One of the city's newest historical sites, Heian Jingu was built in 1894 to mark the 1,100th anniversary of the founding of Kyoto. The shrine honors two emperors: Kammu (737-806), who founded the city in 794, and Komei (1831-66), the last emperor to live out his reign in Kyoto. The new buildings are for the most part replicas of the old Imperial Palace, at two-thirds the original size. Still, the dignity and the relative spacing of the East Hon-den and West Hon-den (the Main Halls), and the Daigoku-den (Great Hall of State), in which the Heian emperor would issue decrees, conjure up an image of how magnificent the Heian court must have been.
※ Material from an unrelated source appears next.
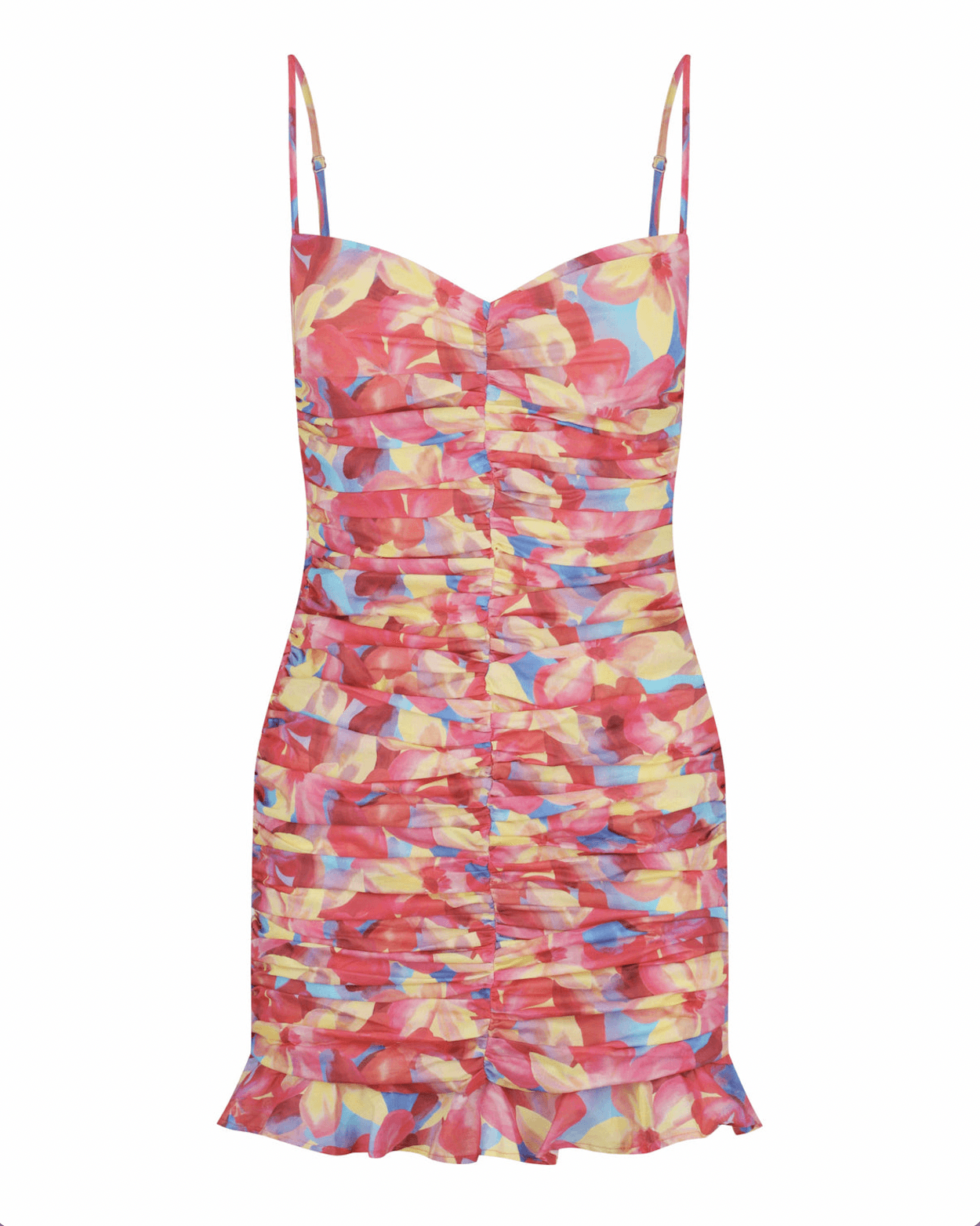 With a sweetheart neckline and spaghetti straps, this form-fitting floral mini dress is a lovely option for day or night. Ruched throughout for texture and interest, and finished with a hemline frill, it’s super cute with strappy heels for effortless elegance.

During New Year's, kimono-clad and gray-suited Japanese come to pay homage, trampling over the imposing gravel forecourt leading to the Great Hall of Slate.
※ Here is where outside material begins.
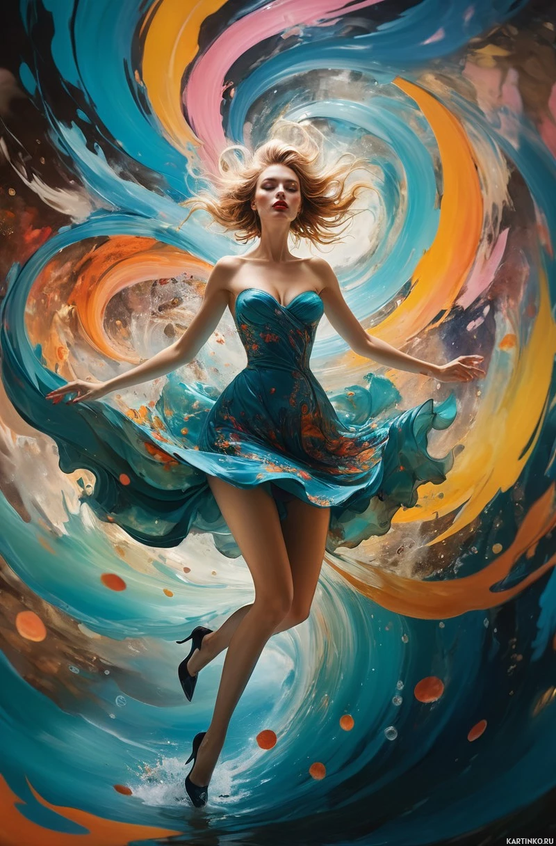 На картинке изображена женщина с закрытыми глазами. У неё светлые волосы и пышное голубое платье с перьевым декором. Её поза передаёт ощущение движения, будто она танцует или парит в воздухе. Фон картинки наполнен вихрями синих и фиолетовых оттенков, создавая ощущение плавности и динамики вокруг неё.

There are three stroll gardens at Heian Jingu positioned east, west, and north of the shrine itself. They follow the Heian aesthetic of focusing on a large pond, a rare feature at a Shinto shrine. The steps of the stepping-stone path that crosses the water are recycled pillars from a 16th-century bridge that spanned the Kamo-gawa before an earthquake destroyed it.
The best times to visit the shrine are when the cherry blossoms are in full bloom (usually early April) and on June 1 or 2 for the nighttime Takigi No performances, so named because they're lighted by takigi (burning firewood); they take place on a stage in front of the Great Hall of State. During the October 22 Jidai Festival, a pageant of 2,000 people attired in costumes from every period winds its way from the Imperial Palace and ends here. From the Dobutsu-en-mae bus stop, follow the street between the Kyoto Municipal Museum of Art and the National Museum of Modern Art directly to the shrine.